Edit: No, this is not homework.
Here's what I have so far:
const RWCString crLF = "\r\n";
const RWCString doubleQuote = "\"";
RWTValOrderedVector<RWCString> Split(const RWCString &value, const RWCString &specialContent)
{
RWTValOrderedVector<RWCString> result;
unsigned index = 0;
RWCString str = value;
while ( ( index = str.index( specialContent, 0, RWCString::ignoreCase ) ) != RW_NPOS )
{
RWCString line = str(0, index);
result.append(line);
result.append(specialContent);
str = str(index, str.length() - index);
str = str(specialContent.length(), str.length() - specialContent.length());
}
if (str.length() > 0)
{
result.append(str);
}
return result;
}
void replaceSpecialContents(const RWCString &value)
{
RWTValOrderedVector<RWCString> allStrings;
RWTValOrderedVector<RWCString> crLFStrings = Split(value, crLF);
for (unsigned i=0; i<crLFStrings.entries(); i++)
{
RWTValOrderedVector<RWCString> dqStrings = Split(crLFStrings[i], doubleQuote);
if (dqStrings.entries() == 1)
{
allStrings.append(crLFStrings[i]);
}
else
{
for (unsigned j=0; j<dqStrings.entries(); j++)
{
allStrings.append(dqStrings[j]);
}
}
}
}
Upvotes: 2
Views: 4676
Reputation: 4875
Here's a way to do it that will work in C and C++:
//String to tokenize:
char str[] = "let's get some tokens!";
//A set of delimiters:
char delims[] = " ";
//List of tokens:
char *tok1 = NULL,
*tok2 = NULL,
*tok3 = NULL;
//Tokenize the string:
tok1 = strtok(str, delims);
tok2 = strtok(NULL, delims); //after you get the first token
tok3 = strtok(NULL, delims); //supply "NULL" as first strtok parameter
You can modify this is various ways.
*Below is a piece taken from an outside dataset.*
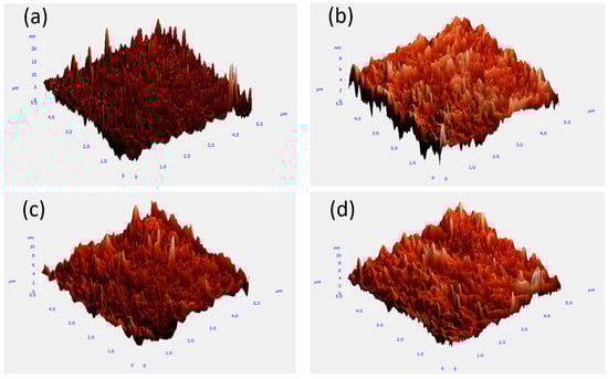 Atomic force microscope (AFM) images of the IGO films sputtered under (a) 0%; (b) 5%; (c) 10%; and (d) 20%.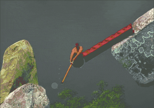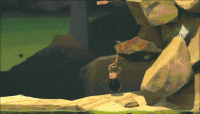 《Getting Over It》继承了《QWOP》的画面和玩法简单、遵循物理机制、超高难度及魔性十足的特点,让玩家扮演一个下半身藏在罐中的裸男,双手拿着一把大锤,合理利用周围地势,不断向上攀登:

You can put all "strtok(NULL, delims)" calls in a loop to make it more flexible, you can interface with C++ string using .c_str(), etc.
Upvotes: 2
Reputation: 8116
Building on the Rogue Wave SourcePro API you're using, you could use RWTRegex to split the string into tokens:
RWTValOrderedVector<RWCString> tokenize(const RWCString& str)
{
RWTRegex<char> re("\\r\\n|\"|([^\"\\r]|\\r[^\\n])*|\\r$");
RWTRegex<char>::iterator it(re, str);
RWTValOrderedVector<RWCString> result;
for (; it != RWTRegex<char>::iterator(); ++it) {
result.append(it->subString(str));
}
return result;
}
For details on RWTRegex see http://www.roguewave.com/Portals/0/products/sourcepro/docs/12.0/html/sourceproref/classRWTRegex.html.
Upvotes: 1
Reputation: 2987
strtok will replace your tokens with NULL. That's why it does not include the tokens.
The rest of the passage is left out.